Se c’è un problema che Piero Zuccaro tenta costantemente di risolvere nella sua pittura è il continuo superamento del centro, l’ostinato volgersi della mano verso un nucleo pittorico che frena l’immagine entro il perimetro quasi; prestabilito. Un problema forse, o ancor di più un’esigenza avvertita dall’artista che soffre dell’idea di “dover” completare il quadro. La contrapposizione si condensa nell’accumulo di materia, nel movimento centripeto che tende ad ammassare le pennellate, i colori, i tratti e le idee in uno spazio carico di energia, stracolmo, che tende inesorabilmente all’asplosione, al distacco, alla conquista di un territorio altro. é una pittura sofferta, raggrumata, che tradisce una sovrabbondanza di emozioni e suggestioni che sono ancora tutte legate alla natura, ai paesaggi, ai fiori, ai giardini. Pietro Zuccaro frequenta l’Istituto d’arte e poi l’Accademia di Belle Arti di Catania, ma in definitiva ciò che ritiene più significativa per il suo percorso pittorico è l’esperienza nella scuola di danza di Donatella Capraro.

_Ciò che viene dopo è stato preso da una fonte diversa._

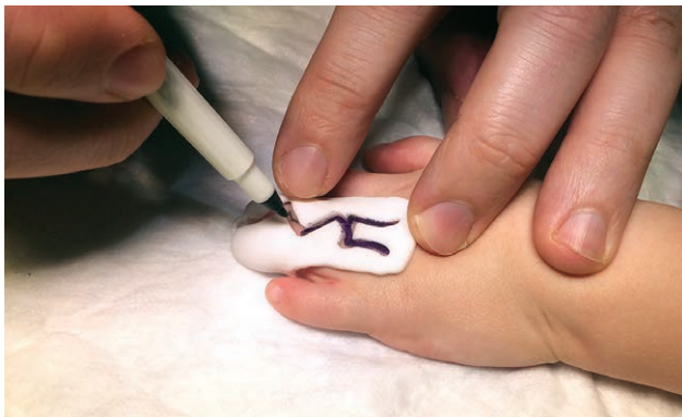
Fig. 4. Usage of the template preoperatively. Transferring the incision pattern onto the patient was easy and fast by using the template.

gle and using the transparent filter setting, an exact mirror image of the dorsal side could be drawn on the palmar side. The template had a precise fit onto the silicon model and the production costs were very low (average €50 including the planning process). Using a marker pen, it was easy to draw the delineation on the surface. The accuracy of the landmarks placed on the virtual delineation compared with the real delineation was calculated, resulting in a mean difference of 0.82 \pm 0.32 mm. Transferring the incision pattern onto the patient was easy and fast (Fig. 4), as reported by the surgeon. The template was found to be very helpful in copying the delineation from front to back. The resulting incision pattern needed minor modifications by the surgeon before the surgery was performed, not modifying the original surgical plan. The surgeries were performed without any problems, with satisfying postoperative results.
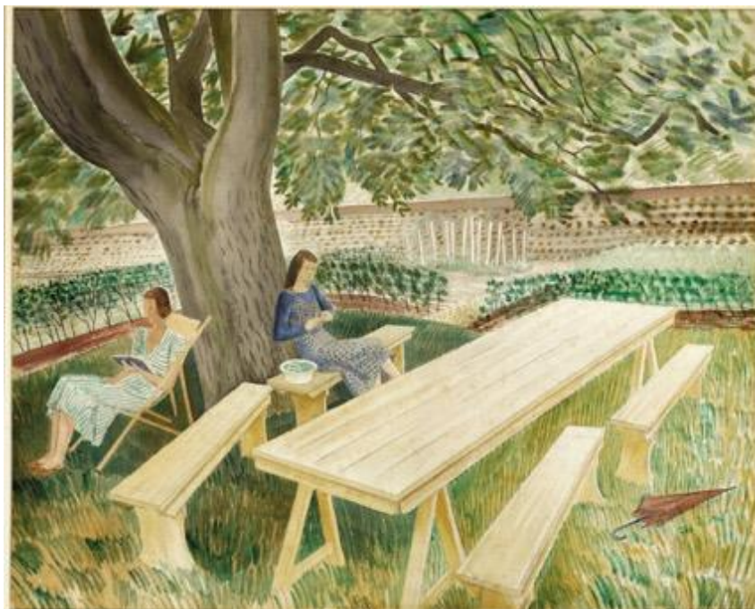
Eric Ravilious (1933). Two Women in a Garden ; watercolour and pencil on paper, The Fry Art Gallery, Saffron Walden.

Art controls Time and can freeze the moment as was the case with Ravilious, renowned for his watercolours of English landscapes. He captured the wonder of nature, its rebirth, its goodness and beauty. His power came from his restraint; the deeper meanings lay beneath the surface. Wordsworth wrote ‘... the human mind is capable of being excited without the application of gross and violent stimulants; and he must have a very faint perception of its beauty and dignity who does not know this.’ 1 Ravilious’ subjects and compositions captured this sentiment.

La costanza, l’impegno severo nelle prove, l’assiduo provare e riprovare gli stessi movimenti sono i principi che Zuccaro ha trasferito nel suo fare arte. Non ama passare da un tema ad un altro e si ostina a ripercorrere le stesse atmosfere per raggiungere il massimo di identificazione e di analisi.

Morlotti e Forgioli sono i suoi maestri, e Sarnari che lo ha seguito durante gli anni passati in Accademia e dopo. Le citazioni di Zuccaro sono evidentissime:  di Morlotti ama quell’informale nascente che si esprime più direttamente nelle opere della seconda metà degli anni cinquanta, soprattutto in quei paesaggi nei quali più chiaramente si attuava il dissolvimento della figura nelle trame spesse del colore.

Di Forgioli, il giovane Zuccaro tenta le tonalità più delicate, quelle che lui stesso definisce “mentali”: i rosa, i violetti, i verdi smeraldo il giallo ocra sono i colori delle sensazioni rispetto a un paesaggio o ad un fiore. Sono i colori che mirano all’astrazione del dato più puramente naturalistico per approdare al paesaggio in cui albergano i dati sensoriali dello sguardo, dell’olfatto, dell’udito. E la natura si commenta da se, non nel silenzio di un’atmosfera rarefatta, ma nel caos delle pulsioni che suscita ed alimenta.